REDD-Monitor: Do you see a potential positive side to REDD?

Tom Goldtooth: First of all I think that there should be some other ways to preserve these forests. We need to preserve these forests. The protection of the forested lands of the Global South is important and must be addressed. The best measures for reducing deforestation are demarcating and titling of Indigenous Peoples lands and addressing the underlying causes of deforestation. Global action must be taken to declare and enforce bans on deforestation and illegal logging.

The positive side to REDD is, well, I guess, no, I don’t see a positive side to REDD. I’m just not sold on an idea that using forest as a carbon offset is a solution. It allows the northern industrialised countries to continue to pollute and even increase greenhouse gases. It creates toxic hotspots and energy sacrifice zones such as the tar sands in Canada or the proposed offshore drilling in the Beaufort and Chukchi Seas of Alaska. It creates the expansion of coal mining and coal-fired power plants within our Indigenous territories in Southwest U.S. creating compounding changes of climate, toxic and health complications for our communities. REDD provides an “out” for industrialised countries like the U.S. from seriously cutting their carbon emissions. REDD in many ways rewards those wanting to develop industrial tree plantations, the loggers and the agrofuel industry.

REDD is really a big issue that’s dividing our people left and right. Again, I don’t see anything good out of it. It’s born in darkness. I hope that it just goes away. But that’s easy to say. It has been said this REDD is a multi-million dollar market and along with other carbon trading regimes, all these market systems in trading carbon credits are projected to be a trillion dollar industry. This is an industry with no checks and balances for accountability to prevent fraud and the cooking of the books, nor assurances that this great experiment would even work in reducing the over flowing carbon pool on our Mother Earth.

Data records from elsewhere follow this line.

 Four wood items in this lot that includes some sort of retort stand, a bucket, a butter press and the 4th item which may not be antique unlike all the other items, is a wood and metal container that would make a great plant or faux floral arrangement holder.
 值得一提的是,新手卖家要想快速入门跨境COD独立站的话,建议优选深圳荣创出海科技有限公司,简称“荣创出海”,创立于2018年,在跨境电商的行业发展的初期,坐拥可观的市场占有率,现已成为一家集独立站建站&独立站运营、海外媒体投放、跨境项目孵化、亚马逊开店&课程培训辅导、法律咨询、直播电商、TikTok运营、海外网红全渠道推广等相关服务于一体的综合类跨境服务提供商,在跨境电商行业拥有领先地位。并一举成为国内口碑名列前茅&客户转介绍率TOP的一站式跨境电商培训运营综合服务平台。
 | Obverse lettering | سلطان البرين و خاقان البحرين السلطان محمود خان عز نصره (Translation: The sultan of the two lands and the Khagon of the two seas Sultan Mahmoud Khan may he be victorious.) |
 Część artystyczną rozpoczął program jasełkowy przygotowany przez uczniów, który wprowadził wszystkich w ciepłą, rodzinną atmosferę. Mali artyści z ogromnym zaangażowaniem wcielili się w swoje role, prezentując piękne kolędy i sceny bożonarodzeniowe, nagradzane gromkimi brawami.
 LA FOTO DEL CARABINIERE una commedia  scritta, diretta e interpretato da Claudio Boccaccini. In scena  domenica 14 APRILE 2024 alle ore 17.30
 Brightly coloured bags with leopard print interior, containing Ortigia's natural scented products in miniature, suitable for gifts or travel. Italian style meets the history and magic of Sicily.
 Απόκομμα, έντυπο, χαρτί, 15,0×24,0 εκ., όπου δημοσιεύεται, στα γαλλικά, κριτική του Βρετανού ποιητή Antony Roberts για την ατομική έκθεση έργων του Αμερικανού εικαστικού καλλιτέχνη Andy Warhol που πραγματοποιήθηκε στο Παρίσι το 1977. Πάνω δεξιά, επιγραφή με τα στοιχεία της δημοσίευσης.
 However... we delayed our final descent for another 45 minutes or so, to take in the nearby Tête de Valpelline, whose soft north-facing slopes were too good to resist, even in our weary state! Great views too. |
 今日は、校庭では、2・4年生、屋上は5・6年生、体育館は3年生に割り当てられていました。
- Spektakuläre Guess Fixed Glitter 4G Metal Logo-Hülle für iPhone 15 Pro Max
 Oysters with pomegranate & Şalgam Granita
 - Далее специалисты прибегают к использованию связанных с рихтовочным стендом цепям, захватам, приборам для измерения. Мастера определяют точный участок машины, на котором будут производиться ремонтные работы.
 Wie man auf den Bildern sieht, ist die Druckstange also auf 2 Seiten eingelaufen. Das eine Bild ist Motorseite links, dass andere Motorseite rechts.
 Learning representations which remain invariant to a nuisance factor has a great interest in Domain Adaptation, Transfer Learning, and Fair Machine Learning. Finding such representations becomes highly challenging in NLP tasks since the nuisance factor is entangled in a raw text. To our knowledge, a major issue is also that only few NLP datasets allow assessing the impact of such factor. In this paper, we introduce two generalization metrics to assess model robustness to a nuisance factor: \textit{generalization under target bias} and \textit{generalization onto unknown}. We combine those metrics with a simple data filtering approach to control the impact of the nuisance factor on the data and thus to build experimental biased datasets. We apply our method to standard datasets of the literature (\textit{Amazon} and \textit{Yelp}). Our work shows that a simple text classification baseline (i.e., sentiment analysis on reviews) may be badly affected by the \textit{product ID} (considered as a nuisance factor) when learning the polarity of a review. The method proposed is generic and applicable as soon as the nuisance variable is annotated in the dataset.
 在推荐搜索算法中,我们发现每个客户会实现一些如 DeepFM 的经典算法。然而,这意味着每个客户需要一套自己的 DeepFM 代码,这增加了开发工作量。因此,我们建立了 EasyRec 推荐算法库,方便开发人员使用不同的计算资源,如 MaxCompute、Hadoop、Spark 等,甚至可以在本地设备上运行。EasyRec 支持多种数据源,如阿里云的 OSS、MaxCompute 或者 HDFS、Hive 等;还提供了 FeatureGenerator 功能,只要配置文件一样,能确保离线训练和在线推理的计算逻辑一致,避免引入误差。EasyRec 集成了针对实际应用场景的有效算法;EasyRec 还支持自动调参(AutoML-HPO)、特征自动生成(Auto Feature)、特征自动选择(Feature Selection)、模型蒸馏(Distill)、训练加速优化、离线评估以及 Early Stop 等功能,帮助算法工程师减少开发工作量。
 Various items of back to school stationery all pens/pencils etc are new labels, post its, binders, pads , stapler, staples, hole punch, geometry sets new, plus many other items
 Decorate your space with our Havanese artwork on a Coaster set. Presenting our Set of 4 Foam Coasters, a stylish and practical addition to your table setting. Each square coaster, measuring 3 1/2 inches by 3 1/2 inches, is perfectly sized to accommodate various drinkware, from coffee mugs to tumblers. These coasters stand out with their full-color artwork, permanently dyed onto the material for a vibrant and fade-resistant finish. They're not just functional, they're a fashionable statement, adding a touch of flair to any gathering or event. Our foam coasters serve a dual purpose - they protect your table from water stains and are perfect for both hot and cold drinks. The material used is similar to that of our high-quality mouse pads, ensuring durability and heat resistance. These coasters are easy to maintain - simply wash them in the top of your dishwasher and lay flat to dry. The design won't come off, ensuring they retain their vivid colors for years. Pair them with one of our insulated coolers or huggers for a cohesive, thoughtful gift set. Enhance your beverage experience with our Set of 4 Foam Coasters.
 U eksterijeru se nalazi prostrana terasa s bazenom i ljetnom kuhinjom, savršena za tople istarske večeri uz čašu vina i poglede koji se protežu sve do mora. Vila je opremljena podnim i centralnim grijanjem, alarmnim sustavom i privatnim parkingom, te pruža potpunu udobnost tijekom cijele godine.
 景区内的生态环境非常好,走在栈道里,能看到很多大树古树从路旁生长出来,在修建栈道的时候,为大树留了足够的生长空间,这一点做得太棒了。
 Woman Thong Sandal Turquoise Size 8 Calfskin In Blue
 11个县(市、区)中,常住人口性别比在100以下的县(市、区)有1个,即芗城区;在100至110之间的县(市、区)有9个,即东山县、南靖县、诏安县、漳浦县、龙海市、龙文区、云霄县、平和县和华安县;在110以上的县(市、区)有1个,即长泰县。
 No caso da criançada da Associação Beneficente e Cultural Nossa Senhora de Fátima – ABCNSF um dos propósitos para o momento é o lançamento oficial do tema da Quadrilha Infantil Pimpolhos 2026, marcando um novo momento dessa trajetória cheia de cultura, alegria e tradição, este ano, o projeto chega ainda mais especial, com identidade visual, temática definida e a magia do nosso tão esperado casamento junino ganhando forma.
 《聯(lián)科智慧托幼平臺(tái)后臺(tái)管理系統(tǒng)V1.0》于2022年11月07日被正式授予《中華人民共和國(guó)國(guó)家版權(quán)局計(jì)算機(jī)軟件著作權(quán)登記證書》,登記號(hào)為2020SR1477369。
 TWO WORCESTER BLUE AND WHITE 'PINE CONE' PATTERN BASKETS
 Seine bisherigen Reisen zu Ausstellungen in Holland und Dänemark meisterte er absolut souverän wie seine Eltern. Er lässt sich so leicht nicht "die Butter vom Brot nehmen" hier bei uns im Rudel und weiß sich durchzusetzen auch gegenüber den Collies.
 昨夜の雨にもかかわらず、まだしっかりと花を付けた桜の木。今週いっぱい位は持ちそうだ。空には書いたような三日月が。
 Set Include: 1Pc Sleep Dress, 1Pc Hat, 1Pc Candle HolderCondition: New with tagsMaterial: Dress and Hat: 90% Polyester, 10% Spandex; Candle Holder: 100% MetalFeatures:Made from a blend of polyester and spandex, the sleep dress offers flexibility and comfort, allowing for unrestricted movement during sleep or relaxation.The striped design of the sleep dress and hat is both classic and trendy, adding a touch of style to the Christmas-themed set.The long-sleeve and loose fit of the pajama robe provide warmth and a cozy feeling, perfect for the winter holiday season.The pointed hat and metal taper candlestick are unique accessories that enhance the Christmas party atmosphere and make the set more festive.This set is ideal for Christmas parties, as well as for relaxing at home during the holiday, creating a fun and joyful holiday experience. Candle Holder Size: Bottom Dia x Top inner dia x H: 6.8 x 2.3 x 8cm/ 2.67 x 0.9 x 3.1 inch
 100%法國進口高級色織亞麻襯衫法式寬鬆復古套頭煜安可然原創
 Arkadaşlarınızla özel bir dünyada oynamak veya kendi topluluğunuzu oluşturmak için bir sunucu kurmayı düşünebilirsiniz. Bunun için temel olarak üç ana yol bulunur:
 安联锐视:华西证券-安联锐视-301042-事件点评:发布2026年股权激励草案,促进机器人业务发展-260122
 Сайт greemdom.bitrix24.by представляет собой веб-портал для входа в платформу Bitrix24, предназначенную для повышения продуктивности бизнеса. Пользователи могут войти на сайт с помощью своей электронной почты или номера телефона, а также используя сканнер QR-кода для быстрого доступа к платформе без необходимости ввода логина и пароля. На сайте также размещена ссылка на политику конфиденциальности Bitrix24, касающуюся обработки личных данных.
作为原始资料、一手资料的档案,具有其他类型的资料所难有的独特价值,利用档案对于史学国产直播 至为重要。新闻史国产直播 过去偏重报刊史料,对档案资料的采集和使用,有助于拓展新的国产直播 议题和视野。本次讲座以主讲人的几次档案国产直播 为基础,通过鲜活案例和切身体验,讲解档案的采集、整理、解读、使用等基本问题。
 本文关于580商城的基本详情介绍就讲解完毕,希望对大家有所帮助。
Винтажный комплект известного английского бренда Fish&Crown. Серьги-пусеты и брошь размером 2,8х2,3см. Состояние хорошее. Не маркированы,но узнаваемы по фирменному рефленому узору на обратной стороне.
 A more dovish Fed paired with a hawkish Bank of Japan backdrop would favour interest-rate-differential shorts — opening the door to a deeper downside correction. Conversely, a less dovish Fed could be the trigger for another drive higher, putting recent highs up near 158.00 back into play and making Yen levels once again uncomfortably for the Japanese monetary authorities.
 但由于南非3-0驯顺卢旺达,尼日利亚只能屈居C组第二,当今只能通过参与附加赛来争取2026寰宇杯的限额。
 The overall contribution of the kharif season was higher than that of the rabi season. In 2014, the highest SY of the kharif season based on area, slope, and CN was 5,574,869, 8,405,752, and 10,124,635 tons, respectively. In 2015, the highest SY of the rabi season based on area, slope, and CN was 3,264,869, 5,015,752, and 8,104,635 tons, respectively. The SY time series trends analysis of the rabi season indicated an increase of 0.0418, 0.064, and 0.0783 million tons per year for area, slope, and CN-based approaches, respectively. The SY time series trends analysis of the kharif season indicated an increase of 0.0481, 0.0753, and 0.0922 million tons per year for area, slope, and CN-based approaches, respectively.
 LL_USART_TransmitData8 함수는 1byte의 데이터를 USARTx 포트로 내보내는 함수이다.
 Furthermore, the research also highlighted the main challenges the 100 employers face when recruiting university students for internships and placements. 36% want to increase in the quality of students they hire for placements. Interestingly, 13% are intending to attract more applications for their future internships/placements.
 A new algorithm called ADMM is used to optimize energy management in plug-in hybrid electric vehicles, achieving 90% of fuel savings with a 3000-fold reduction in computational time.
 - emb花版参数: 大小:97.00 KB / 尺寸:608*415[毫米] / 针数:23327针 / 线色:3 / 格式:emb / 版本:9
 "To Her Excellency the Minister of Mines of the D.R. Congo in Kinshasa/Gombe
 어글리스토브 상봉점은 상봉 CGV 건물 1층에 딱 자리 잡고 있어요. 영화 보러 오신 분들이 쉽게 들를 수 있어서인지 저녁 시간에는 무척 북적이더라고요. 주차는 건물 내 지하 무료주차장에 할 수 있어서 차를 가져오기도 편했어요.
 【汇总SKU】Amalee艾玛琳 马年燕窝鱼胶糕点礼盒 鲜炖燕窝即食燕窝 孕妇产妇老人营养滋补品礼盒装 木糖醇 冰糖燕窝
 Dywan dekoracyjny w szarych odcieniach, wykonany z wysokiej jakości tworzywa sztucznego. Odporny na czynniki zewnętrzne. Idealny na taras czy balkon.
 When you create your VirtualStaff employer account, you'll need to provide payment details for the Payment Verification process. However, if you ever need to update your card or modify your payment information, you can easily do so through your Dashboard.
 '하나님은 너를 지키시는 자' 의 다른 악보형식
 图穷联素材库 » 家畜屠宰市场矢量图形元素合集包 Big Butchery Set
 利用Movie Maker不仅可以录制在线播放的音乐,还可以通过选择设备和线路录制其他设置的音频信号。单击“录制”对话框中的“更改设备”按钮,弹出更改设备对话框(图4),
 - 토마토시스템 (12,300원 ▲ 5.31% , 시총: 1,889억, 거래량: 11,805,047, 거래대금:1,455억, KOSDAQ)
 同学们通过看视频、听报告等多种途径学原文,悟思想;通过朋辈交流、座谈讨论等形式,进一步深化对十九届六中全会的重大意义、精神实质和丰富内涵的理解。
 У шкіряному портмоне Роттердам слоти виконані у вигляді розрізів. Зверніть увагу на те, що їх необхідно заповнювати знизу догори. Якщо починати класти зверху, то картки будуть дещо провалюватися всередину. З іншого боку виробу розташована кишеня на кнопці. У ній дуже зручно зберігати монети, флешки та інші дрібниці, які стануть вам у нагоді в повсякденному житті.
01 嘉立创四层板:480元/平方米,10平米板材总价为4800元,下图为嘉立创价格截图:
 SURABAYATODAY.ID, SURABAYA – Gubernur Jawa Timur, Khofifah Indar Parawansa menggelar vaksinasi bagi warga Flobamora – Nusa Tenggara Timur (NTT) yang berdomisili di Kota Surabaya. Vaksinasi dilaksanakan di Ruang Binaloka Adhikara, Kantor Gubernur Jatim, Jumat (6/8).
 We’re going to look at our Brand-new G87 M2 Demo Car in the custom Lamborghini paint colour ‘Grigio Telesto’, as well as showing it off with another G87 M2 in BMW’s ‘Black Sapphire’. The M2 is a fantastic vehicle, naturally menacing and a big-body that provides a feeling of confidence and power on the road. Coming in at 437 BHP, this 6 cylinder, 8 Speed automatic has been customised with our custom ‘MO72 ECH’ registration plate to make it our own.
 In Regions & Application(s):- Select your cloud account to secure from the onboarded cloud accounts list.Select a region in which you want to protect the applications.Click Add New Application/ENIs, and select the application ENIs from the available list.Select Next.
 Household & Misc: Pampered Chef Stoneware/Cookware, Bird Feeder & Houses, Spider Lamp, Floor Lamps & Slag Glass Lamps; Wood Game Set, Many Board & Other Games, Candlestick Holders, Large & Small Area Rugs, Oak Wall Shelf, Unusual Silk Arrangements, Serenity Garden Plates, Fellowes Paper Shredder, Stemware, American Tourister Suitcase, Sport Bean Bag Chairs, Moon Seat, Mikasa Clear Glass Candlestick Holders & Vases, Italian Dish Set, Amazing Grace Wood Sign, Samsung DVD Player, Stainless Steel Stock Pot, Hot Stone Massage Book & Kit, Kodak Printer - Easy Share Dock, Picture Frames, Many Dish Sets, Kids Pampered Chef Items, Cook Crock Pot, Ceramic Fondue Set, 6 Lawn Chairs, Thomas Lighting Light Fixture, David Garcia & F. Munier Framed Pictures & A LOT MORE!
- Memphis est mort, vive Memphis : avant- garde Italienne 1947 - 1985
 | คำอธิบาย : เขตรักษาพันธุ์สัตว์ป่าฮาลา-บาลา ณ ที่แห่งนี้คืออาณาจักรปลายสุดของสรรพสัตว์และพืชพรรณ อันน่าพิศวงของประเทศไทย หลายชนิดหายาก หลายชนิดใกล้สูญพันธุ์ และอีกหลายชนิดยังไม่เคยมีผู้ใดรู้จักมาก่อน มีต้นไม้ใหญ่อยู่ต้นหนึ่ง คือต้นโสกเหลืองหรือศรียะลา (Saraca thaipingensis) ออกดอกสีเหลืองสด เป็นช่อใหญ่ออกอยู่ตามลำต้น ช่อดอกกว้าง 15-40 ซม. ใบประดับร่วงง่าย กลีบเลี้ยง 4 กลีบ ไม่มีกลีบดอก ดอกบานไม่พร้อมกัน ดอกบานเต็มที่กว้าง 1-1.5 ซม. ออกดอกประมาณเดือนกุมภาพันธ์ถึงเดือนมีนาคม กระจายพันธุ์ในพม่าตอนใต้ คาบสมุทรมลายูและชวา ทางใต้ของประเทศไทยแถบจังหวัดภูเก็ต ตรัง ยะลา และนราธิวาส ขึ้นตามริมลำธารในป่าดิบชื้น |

Our Indigenous Peoples and local people of forested areas must be afforded the right to make their own decisions. But they need to be provided fair and balanced information on all the aspects of what REDD is and the potential of negative impact, not only to their local environment and their property rights to the forest and the land, but the indirect impact to Indigenous Peoples and local communities in remote locations where toxic hotspots are created as I mentioned earlier. The principles of Free, Prior and Informed Consent must still be defined and implemented in countries that are still fighting against the rights of their Indigenous and Aboriginal Peoples. From what I have seen, REDD workshops and consultations in Indigenous communities have not fully informed these communities about all aspects of what REDD is. They haven’t met the standards of Prior, when many of the modalities of REDD have already been developed, with no Indigenous input. Has the introduction of REDD for implementation been Free? No, it has been tarnished with perceptions of manipulation, abuses of trust and unethical persuasion through funding restrictions for anyone that speaks out against REDD. REDD and other carbon offset and trading regimes must not be part of a forced choice scenario.

The humanity of our forest communities must be protected. Carbon rights must not be allowed to trample human rights. Even the UN REDD Programme released a report calling attention to the dangers of REDD marginalising the landless and potentially causing conflict, forced relocation and displacement of forest peoples. For all those people in the world that fight for human rights, we must stand united on these issues and resist programmes such as REDD.